過去のそうした経験があるなかで、気候変動の影響などにより、近年水害が多発。荒川および利根川の氾濫による被害想定では、100万世帯以上が影響を受けるとの予測もあります。災害の規模が大きくなればなるほど、迅速な保険金支払いの対応が必要になります。

東京海上日動では、2018年から衛星データを活用した災害対応の取り組みを進めてきました。SAR衛星による浸水域の観測のほか、2019年からはSNSによる情報やさまざまなデータを組み合わせて精度の向上に取り組み、損害査定実務のトライアルも行ってきました。

そして、衛星データとSNSの情報を組み合わせ、AIで解析することで被害発生から24時間程度で水災による被害規模を把握できるようになったのです。

●自社の対応のみならず、復興にも貢献

水災による損害を算定するだけでなく、さまざまな企業や団体と連携し、発災後の復興にも貢献しています。たとえば、被害状況をまとめたレポートをボランティア団体に共有し、被災地域ごとの支援の必要性を判断する手助けを行う取り組みなどがあります。

水災に関するさまざまなデータを幅広く提供することで、東京海上日動のお客さまだけでなく、被災した地域や社会への手助けとなれることを目指しています。

②風災リスク診断ソリューション

画像1: ②風災リスク診断ソリューション

2023年4月17日より提供が行われているサービスで、航空写真測量などを行う企業「国際航業」と協業しています。

この「風災リスク診断ソリューション」の内容は、過去に台風や竜巻などの風災で被害を受けた建物を所有するお客さまに、航空写真の画像を診断することで施設の現状をお知らせし、再び被害を被ることがないように注意喚起を行うというものです。

●上空から屋根のサビが見つかる

おもに対象となるのは建物の屋根です。空からの写真で施設の屋根の状態なんてわかるの? と疑問に思うかもしれませんが、それがわかるからこそ、このサービスは実現しました。

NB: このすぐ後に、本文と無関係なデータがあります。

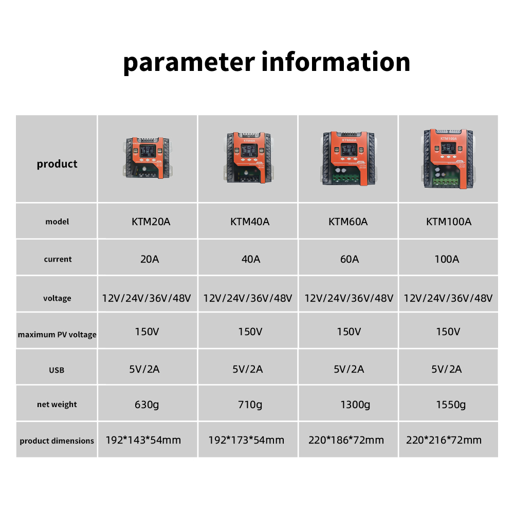 KTM 20A-100A MPPT太阳能控制器 Solar Charge Controller
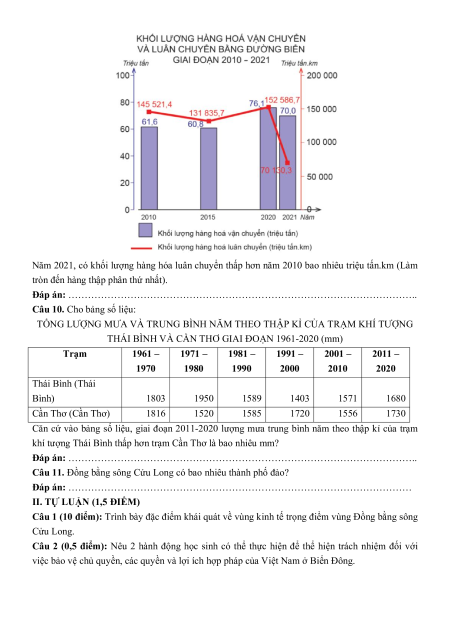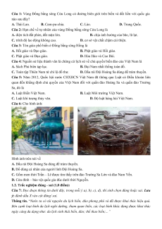 Câu 1: Vùng Đồng băng sông Cưu Long có đường biên giới trên biển và đất liền với quốc gia nào sau đây? A. Thái Lan. B. Cam-pu-chia. C. Lào. D. Trung Quốc.
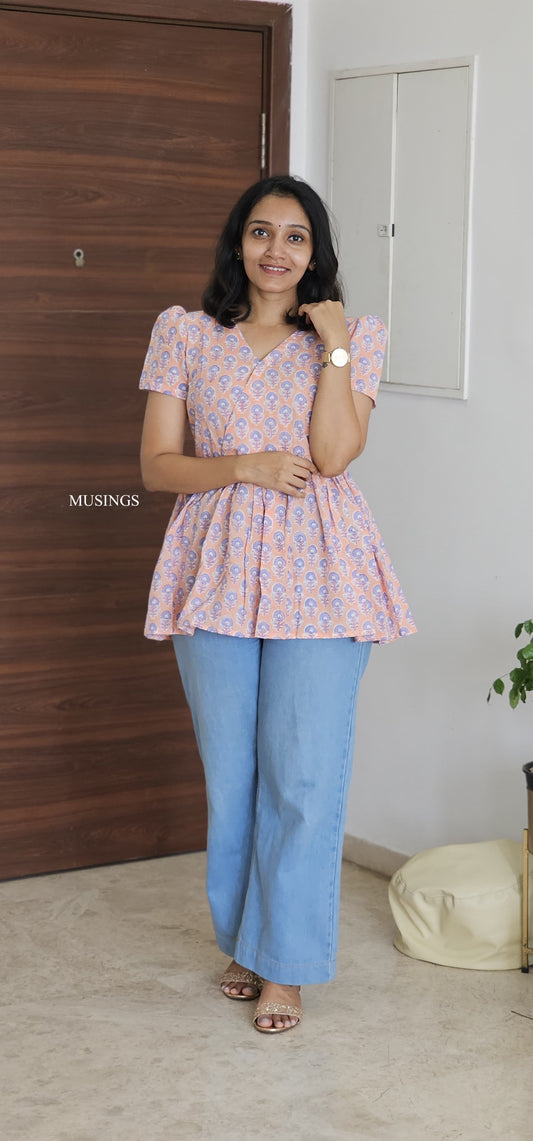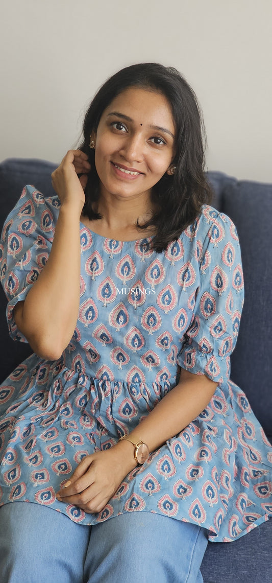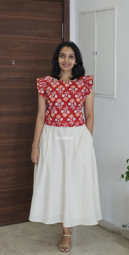 Blossom - Sanganeri Handblock Printed Anarkali Panel Kurta
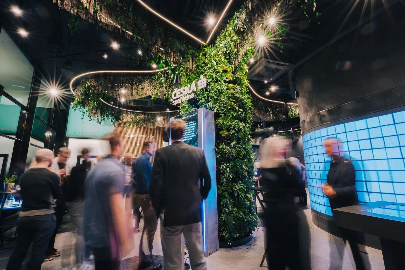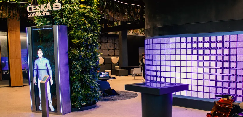 На большом светодиодном экране посетители увидят информацию, основанную на данных Česká spořitelna и Чешского статистического управления, — например, о динамике цен на недвижимость за последние годы, о трафике цифрового банкинга George или о растущем числе клиентов, которые инвестируют с банком.
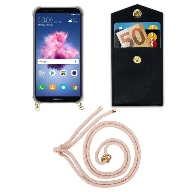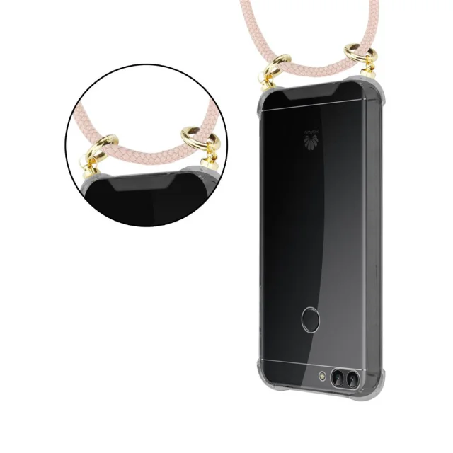CADORABO združljivo s Huawei v Pearly Rosegold - Silikonski zaščitni pokrov z zlatimi obroči, jermen za vrvi in ​​snemljivimi ohišjem
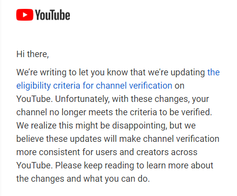 Removing Verification and only selectively giving it out is a very bad idea. Verification was only originally used to prevent fake accounts, to prevent scams. This IS A GOOD THING! By removing it from people, you add in fraud and scams, they will come back. #YouTube pic.twitter.com/P7pEXRT2SQ
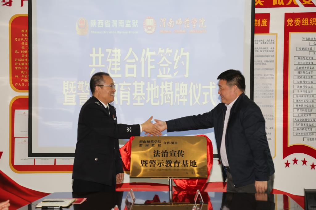 伟德国际1949官网党委书记卓宇与渭南监狱党委书记、监狱长刘玉武为“法治教育暨警示教育基地”揭牌。
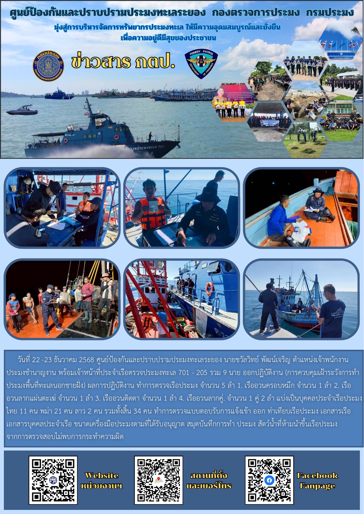 วันที่ 22 -23 ธันวาคม 2568    ศูนย์ป้องกันและปราบปรามประมงทะเลระยอง นายชวัลวิทย์ พัฒน์เจริญ ตำแหน่งเจ้าพนักงานประมงชำนาญงาน พร้อมเจ้าหน้าที่ประจำเรือตรวจประมงทะเล 701 - 205 รวม 9 นาย ออกปฏิบัติงาน (การควบคุมเฝ้าระวังการทำประมงพื้นที่ทะเลนอกชายฝั่ง) ผลการปฏิบัติงาน ทำการตรวจเรือประมง จำนวน 5 ลำ 1. เรืออวนครอบหมึก จำนวน 1 ลำ 2. เรืออวนลากแผ่นตะเฆ่ จำนวน 1 ลำ 3. เรืออวนติดตา จำนวน 1 ลำ 4. เรืออวนลากคู่. จำนวน 1 คู่ 2 ลำ แบ่งเป็นบุคคลประจำเรือประมงไทย 11 คน พม่า 21 คน ลาว 2 คน รวมทั้งสิ้น 34 คน ทำการตรวจแบบตอบรับการแจ้งเข้า ออก ท่าเทียบเรือประมง เอกสารเรือ เอกสารบุคคลประจำเรือ ขนาดเครื่องมือประมงตามที่ได้รับอนุญาต สมุดบันทึกการทำ ประมง สัตว์น้ำที่ห้ามนำขึ้นเรือประมง จากการตรวจสอบไม่พบการกระทำความผิด
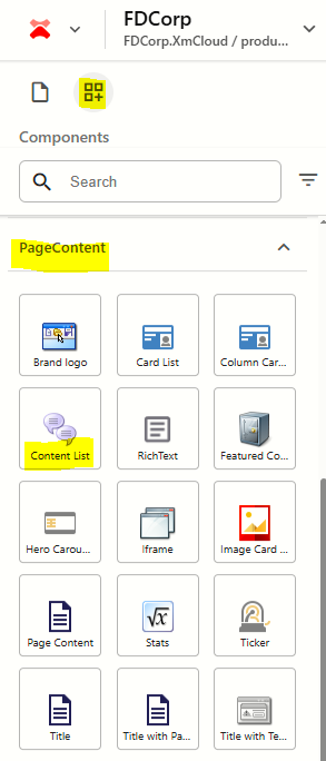 From the Components panel, drag and drop the Page Content > Content List component into a container on the page.

国際航業は、人工衛星より低高度で高精度なデータが取得できる航空機で、地上解像度5cmという、高解像度のデータを得ることができます。「地上解像度5cm」とは、みなさんがスマホやPCで見るデジタル画像の点ひとつが5cmに相当するということです。

■地上解像度の違いのイメージ

画像2: ②風災リスク診断ソリューション

このような高解像度の航空写真を診断することによって、通常は点検しにくい場所である、倉庫やビルの屋根のサビや傷みを確認できるのです。この診断結果をもとに、お客さまは新たに台風や強風がやってくる前に、所有する物件のウィークポイントを把握し、早めに修理を実施しておくなど、備えておくことができます。

●航空写真によるリスク診断は、より安全&スピーディー

お客さまが所有する建物の状況を把握するためには、実際に現地へ赴き、ドローンを活用して屋根の状況を把握する方法もありますが、法規制や墜落リスクなどの障壁があります。

上空から撮影した航空写真を活用して屋根の状況を見ることで、そうした調査段階のリスクを減らせるほか、現地へ赴くことなく、よりスピーディーに精度高く現状を知ることができるのです。

衛星データは、未来の暮らしを変えるはず

画像: 衛星データは、未来の暮らしを変えるはず

衛星データの活用が今後より進化すれば、未来には自然災害を事前に予測し、被害をより少なくすることができるかもしれません。

また、もし被害が起きてしまった際にも、迅速な被害状況の把握や正確な情報収集などが行えれば、その後の復興が今よりもっとスピーディーになるはずです。

東京海上日動は、保険会社として「何かが起きたときにお客さまをお守りする」という立場から一歩先を目指しています。事前にリスクをお知らせすることで、お客さまの被害そのものをなくすことができるかもしれませんし、もし被害にあってしまった場合には、保険金をお客様にお支払いするまでの期間を大幅に短縮することもできるかもしれません。

これからは、 “保険金支払い”だけにとどまらず、お客様への保障に関して、宇宙技術を活用しながらより貢献していければと考えています。